Technostalgia

What Ever Became of…Backyard Fallout Shelters?

Despite the world’s continued persistent existence, there seems to be a constant feeling of pervasive doom throughout humanity’s history. Whether it comes from Haley’s Comet or Mutually Assured Destruction or drug induced zombies, we all have to strong desire to plan for surviving the calamity at hand and for ways to get by in the land beyond the world’s end. Maybe this yearning to plan for terrors that may never come is some sort of existential statement on the fleeting nature of life, but one thing is for sure, it has resulted in some technological fads that seem to have come and gone. One such creation was that of the backyard fallout shelter, which would keep you safe from ‘The Bomb’ and its effects.
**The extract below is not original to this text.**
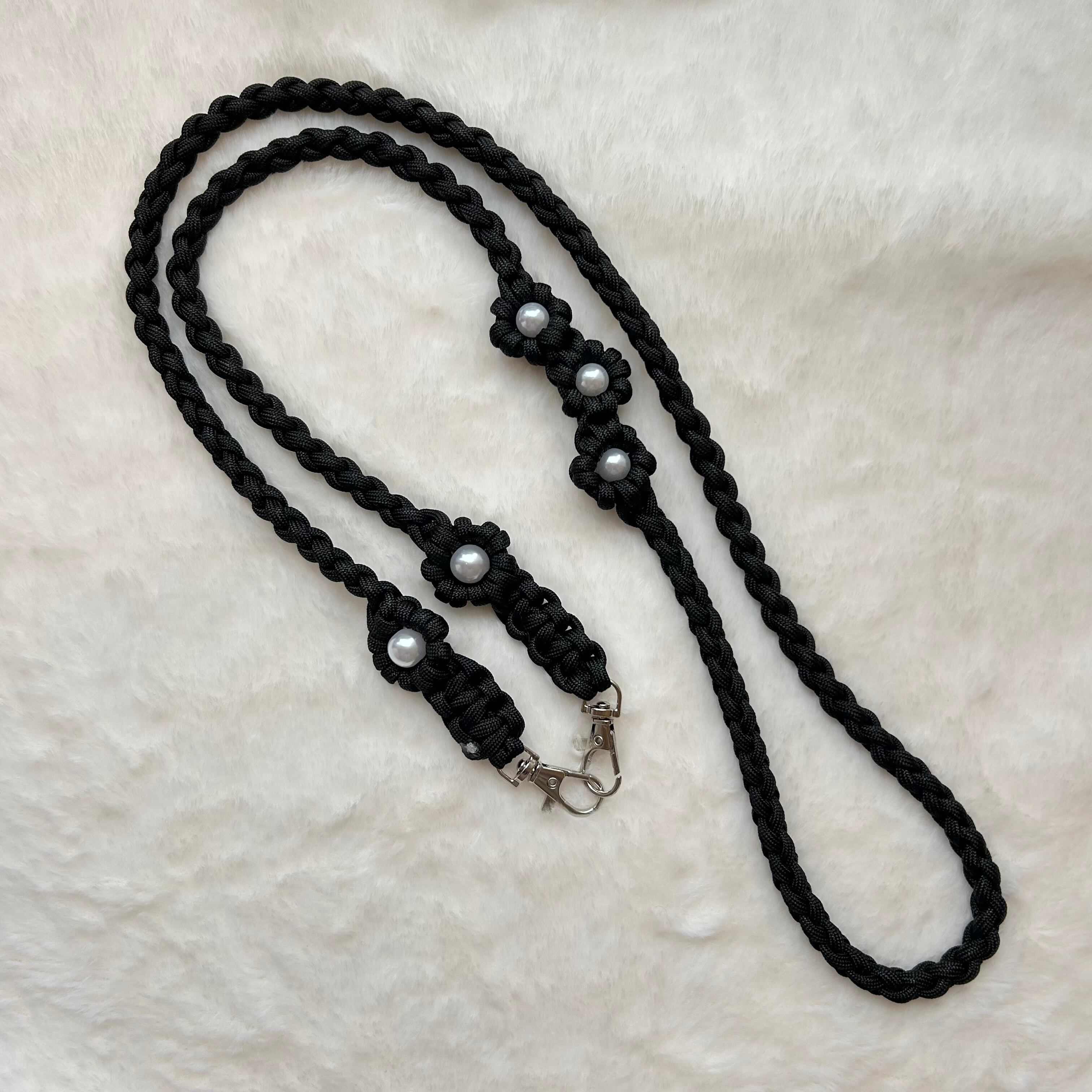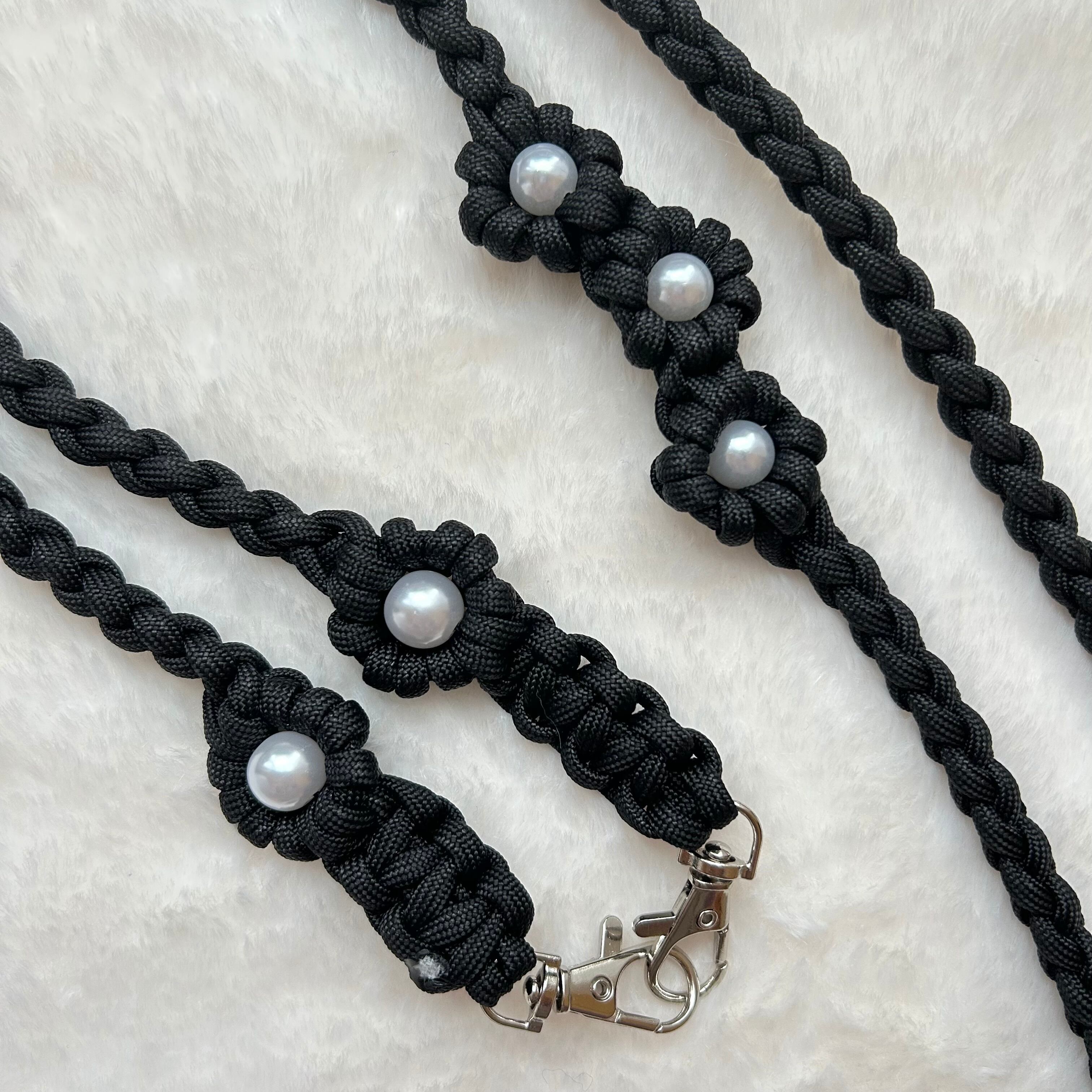・使用しているワックスコード、パラコードは焼き止め処理を行っている為、焼き跡が残っております。できる限り目立たないようにしておりますが、マクラメ編みの特性としてご理解いただきますよう、お願いいたします。

These days the focus is more on getting away from whatever is causing the end of the world. Have your bug-out bag ready and packed, a plan for avoiding the hordes, and a remote location all set to go for survival. But where have the backyard bunkers gone, outfitted for months of mole-like existence waiting for the inevitable fall out to pass? The nuclear nature of the world has not exactly moved on to complete peace and harmony, and yet the fears of an attack that would require this type of shelter seems mostly forgotten.

Does having such a stockpile in your yard make you too much of a target in these troubled times? Has our distrust in the goodness of human nature now extended to even our neighbors? Hunker down and ask yourself–what ever happened to the backyard atomic fallout shelter?

 

Images are from babyboomerdaily.com (first 2), juliettesgad.blogspot.com, and atomic-living.blogspot.com.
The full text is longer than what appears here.